Trump then hit back, mocking her large staff and, again, her emails.

In the past, Trump has praised his small campaign staff for being “flexible” and saving him money. But, as MSNBC pointed out on Monday, he hasn’t filled key roles in his campaign, including a communications team and rapid response director.

Trump has been in trouble in the past for his behavior on Twitter. He has used the platform to retweet white supremacist propaganda, to threaten to “spill the beans” on ex-rival Ted Cruz’s wife and to call Fox News anchor Megyn Kelly a “bimbo,” to cite just a few examples. But during a CNN town hall in April, he declared that he might not tweet as much if he becomes president. “The tweets are fine,” Trump said of his social media presence. “The retweets sometimes are a little bit shaky.”

Later in April, during a family town hall on the Today show, Trump’s wife, Melania, was asked which habit she wished he would abandon. “The tweeting,” she replied.

Obama is encouraging all Democrats, including Clinton’s opponent, Bernie Sanders, to unify behind Clinton, his 2008 rival, in the effort to defeat Trump.
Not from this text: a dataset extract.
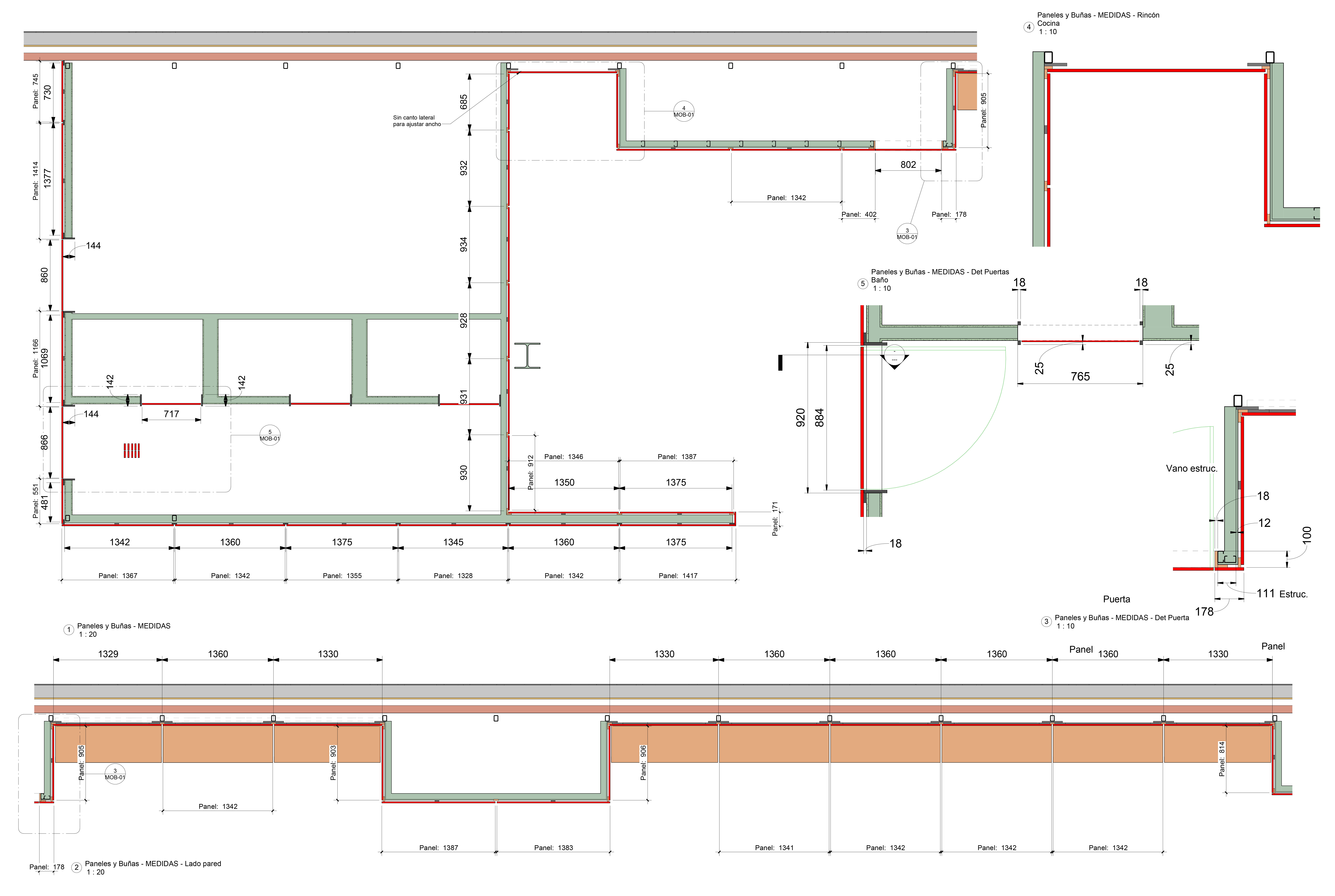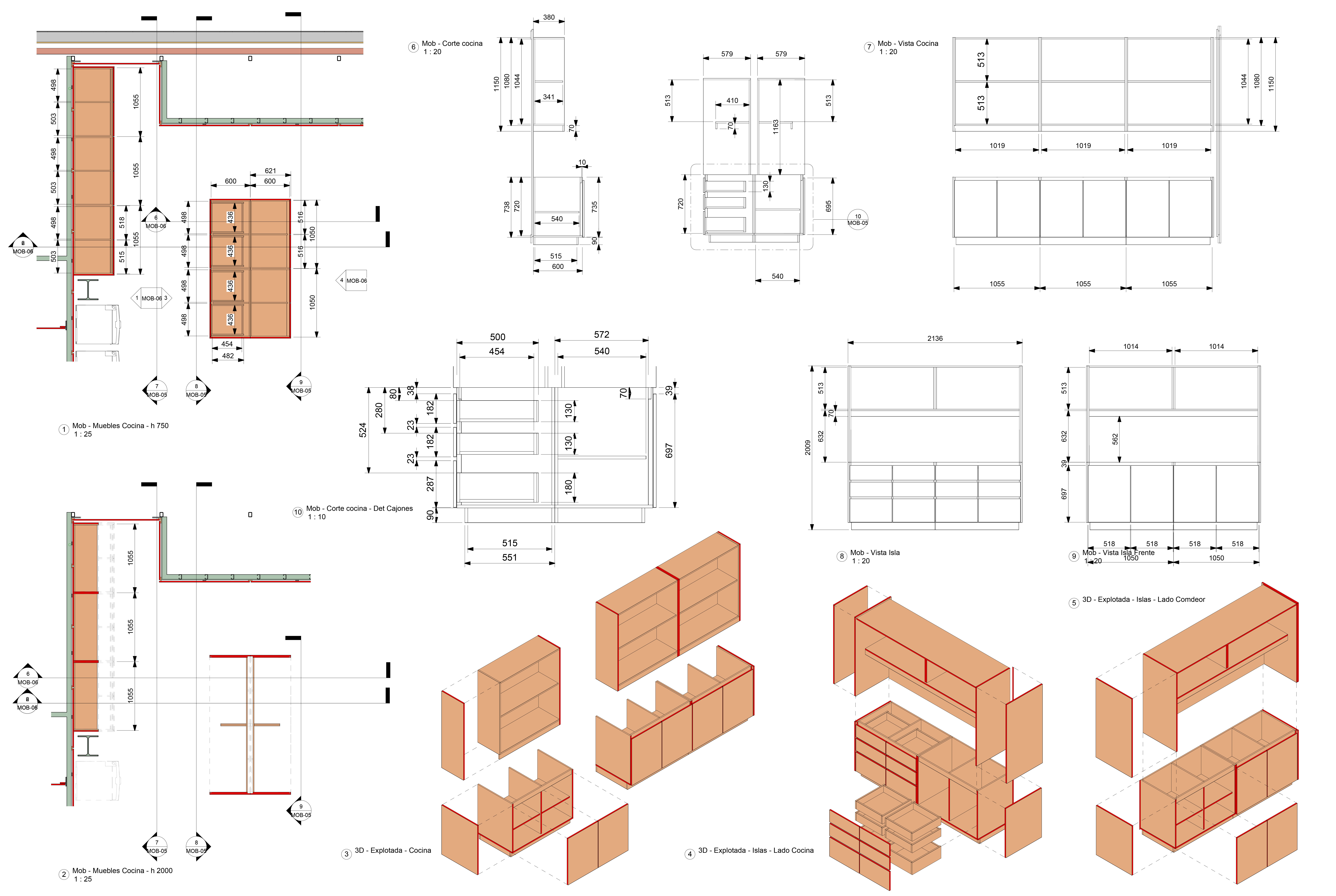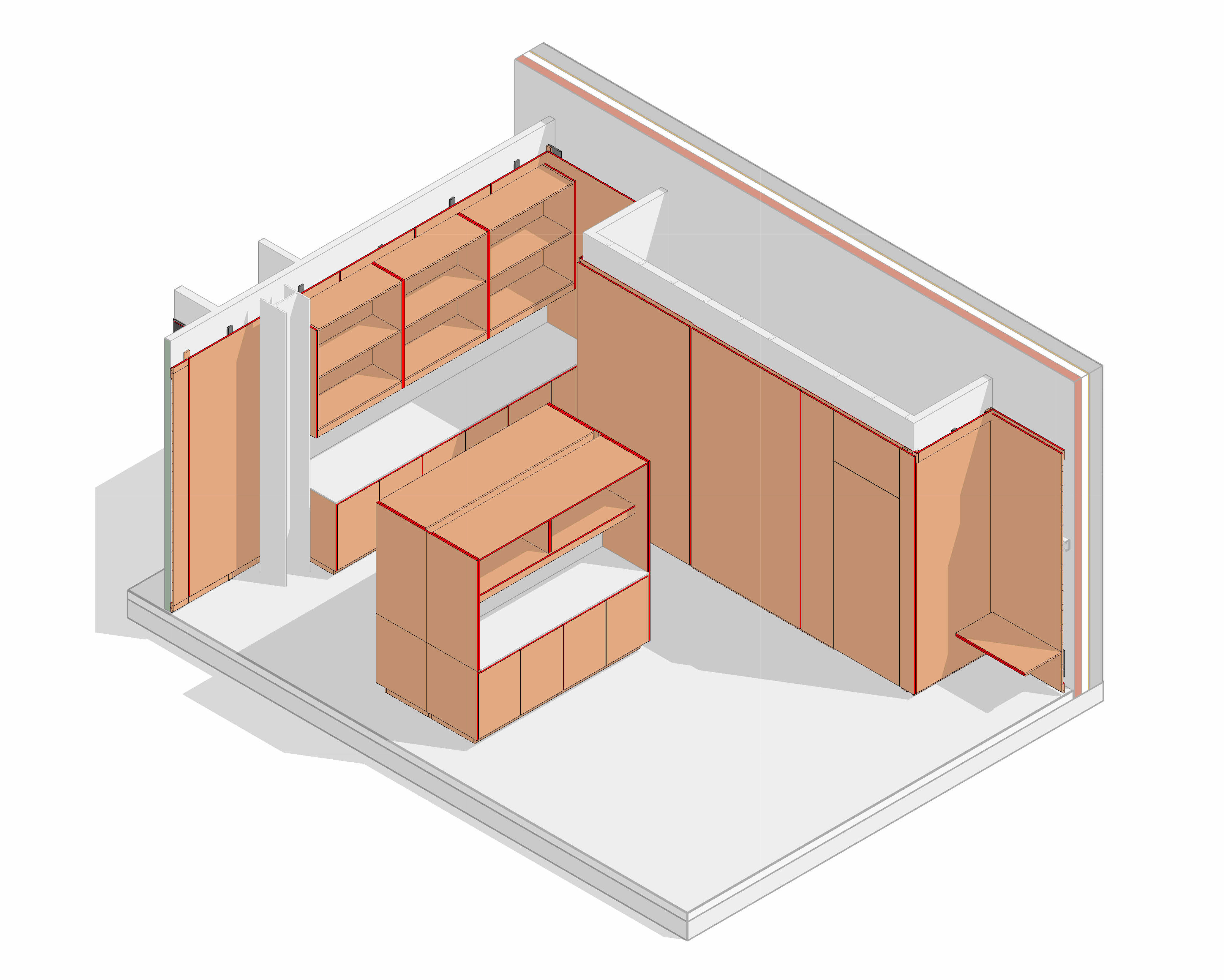 Partimos de información de base provista por el estudio/constructora, generalmente en formatos de imagen, pdf o dwg. A partir de esta información generamos un modelo 3d en Revit del espacio de la obra donde se van a implantar los muebles, y generamos los modelos 3d de cada mueble como familia, de los cuales extraemos directamente listas de corte de las piezas para máquinas CNC de nuestros proveedores.

Sanders has repeatedly refused to end his campaign and instead vows to compete in the Washington, D.C., primary on Tuesday and then face off against Clinton at the Democratic National Convention in July.

Meanwhile, some Democrats have accused the Vermont senator of damaging the Democratic Party by continuing his presidential campaign, even after it became clear Clinton would likely secure the nomination.